Travelling and holiday is an important part of retirement for most people. But prioritise change as you move through your retirement years. People tend to spend less on food and recreation while spending more on health, utility bills and insurance.
How much do you need in your pension pot?
Not everyone will earn the same amount as each others. Therefore it’s important to think about your pension income in stages – the state pension, your private and workplace pension, and any other income you may have.
Once you reach the state pension age, currently at age 66, the government will provide a substantial chunk of your post-retirement money. The current pension for 2022-23 is £185.15 per week but not everyone gets that much.
Most people with pensions opt for an income drawdown or an annuity, where money will be given to you as a regular income. Which? has crunched the numbers on how much you need in your pot to receive an annual amount post-tax.
How much do you need to save at different ages?
To live comfortably with your partner once you reach retirement age, you need to save almost £200 each every month. If you wait till 40 to start saving, this increases to £329 each. The projections are scary, especially with the rapid cost of living affecting the ability to comfortably save up. It can be reassuring with a couple hundred pounds per month in your 20s is easier to save up than having to scrabble a few more hundred by your 40s.
If you have £100,000 in your pot by your 30s, you are already on track to living a comfortable retirement and you can revise your targets.

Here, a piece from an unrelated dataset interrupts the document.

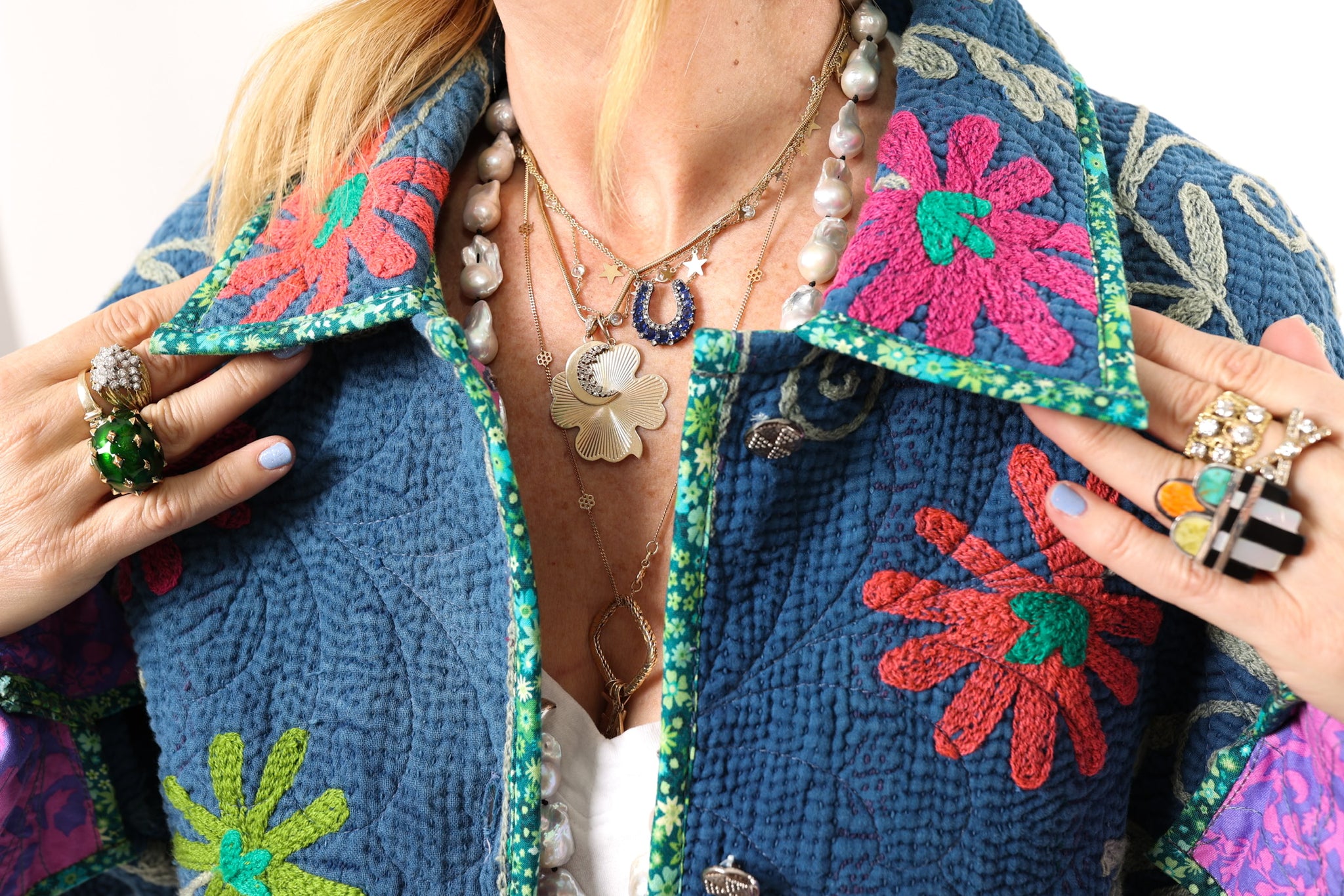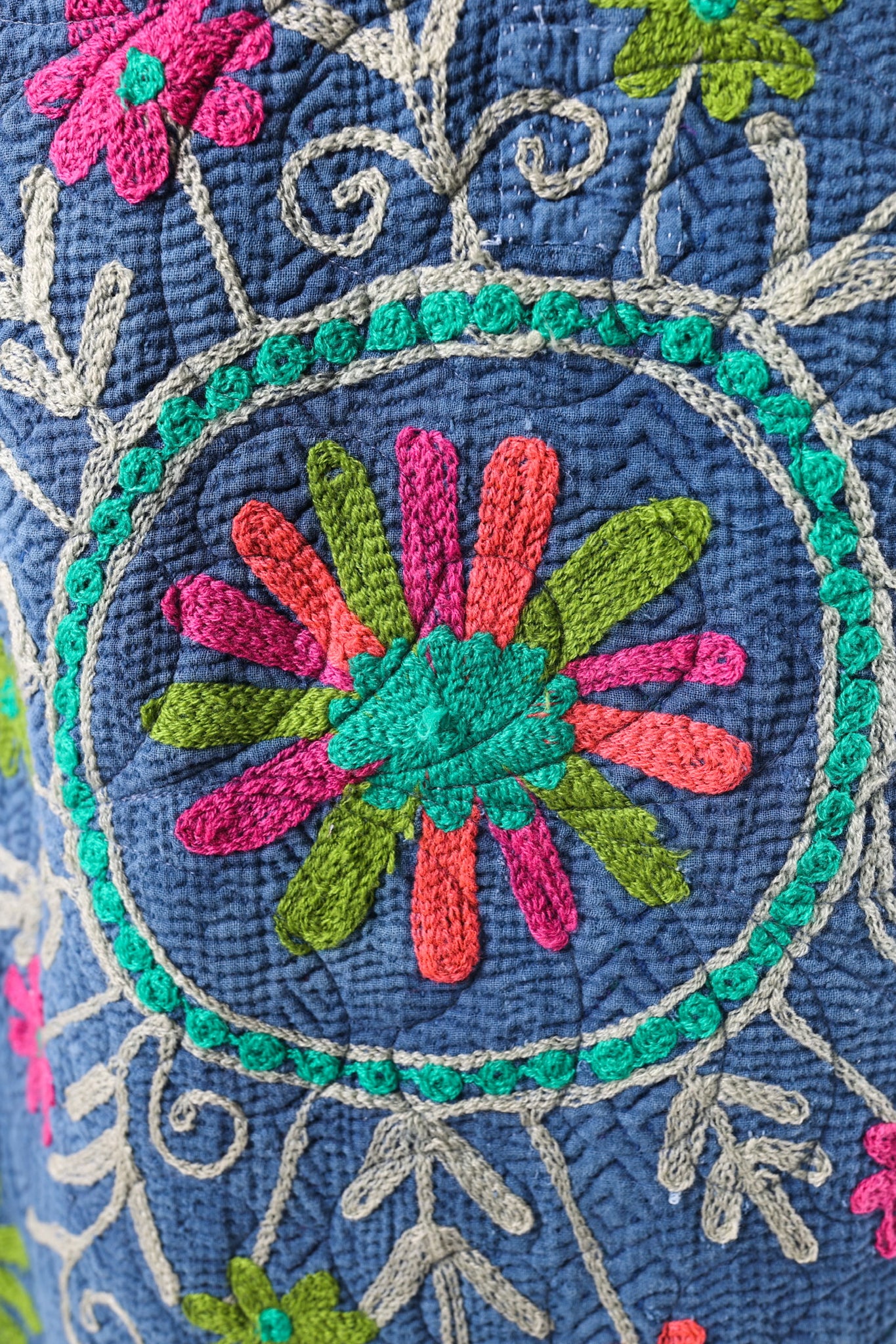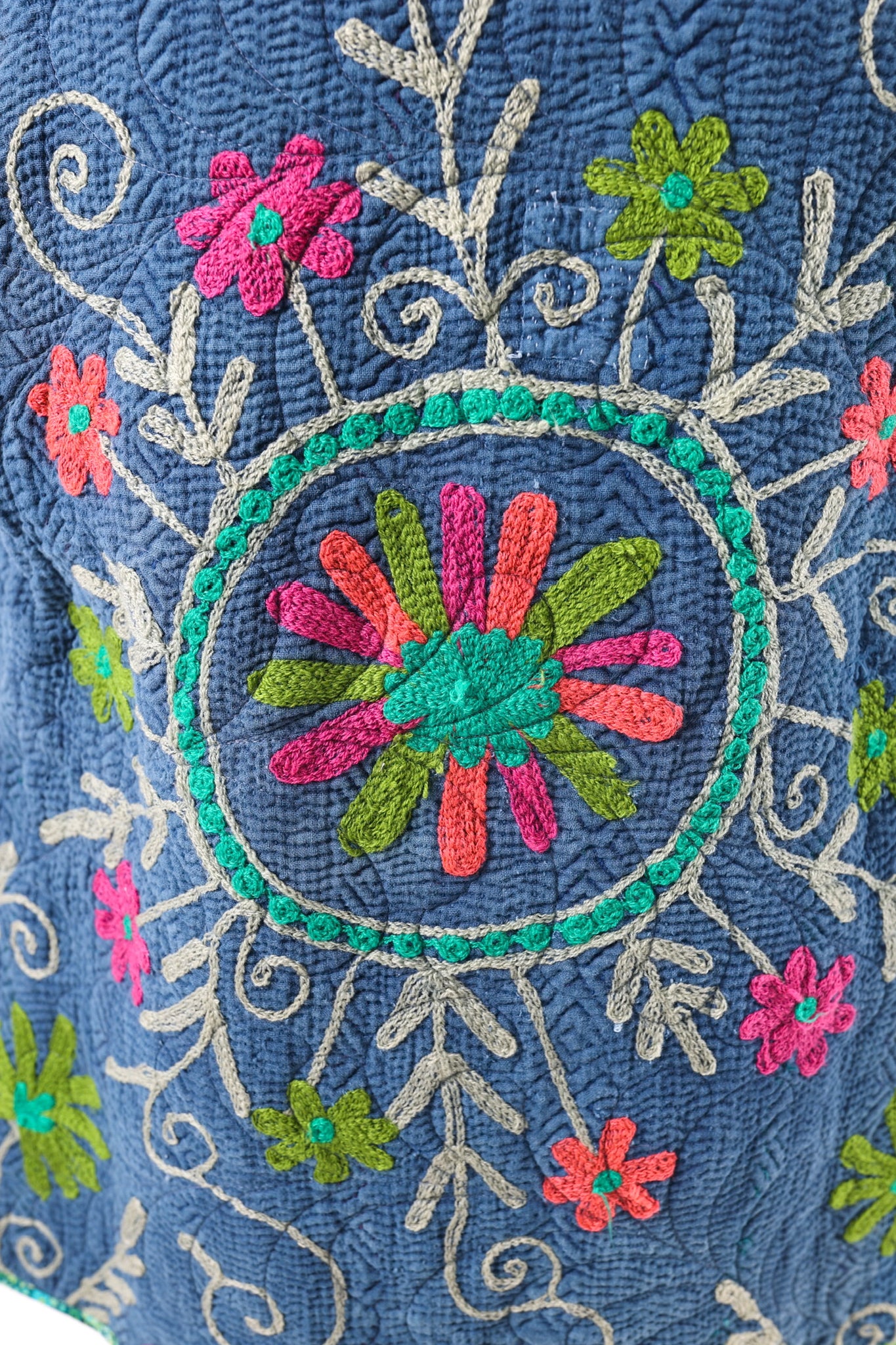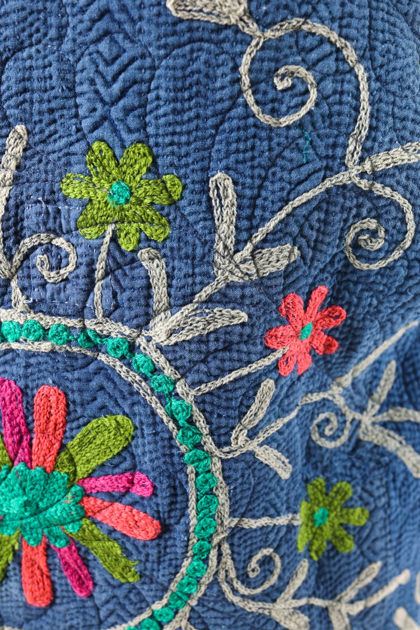 This quilt is a combination of a vintage Indian Kantha and very cheerful Free Spirit fabric. The kantha is a very soft over dyed indigo. It is loaded with heavy embroidery. The kantha was hand quilted with a running stitch, the whole quilt was then long armed by Zoe Dawn. It does not have a super floppy drape. We added vintage silver glass buttons as closures. This is a size LARGE, please read size measurements below. This piece fits a range of sizes depending on how you like to style your jackets. If you have any questions please direct message us and we are happy to bore you with many more details.

Your monthly income should go up and if you’re in a company pension scheme, your employer will be contributing some toward that target. Under the rules of pension auto-enrolment, a minimum of 8% must be paid into your pension, 5% from you and 3% from your employer. Depending on your employer, most will match or put more into your pension that the legal minimum amount.
You will find the more you save or find an employer that matches your contributions, the closer you’ll get to these targets.
Pension tax relief
When you save into a pension, the government will give you a bonus in the form of tax relief. When you earn tax relief on your pension, some of the money you would have paid in tax would be sent into your pension pot. Tax relief is paid on your pension contributions at the highest rate of income tax you pay.
- Basic-rate taxpayers get 20% pension tax relief
- Higher-rate taxpayers can claim a 40% pension tax relief
- Additional-rate taxpayers can claim a 45% pension tax relief
The tax relief in Scotland will be slightly different.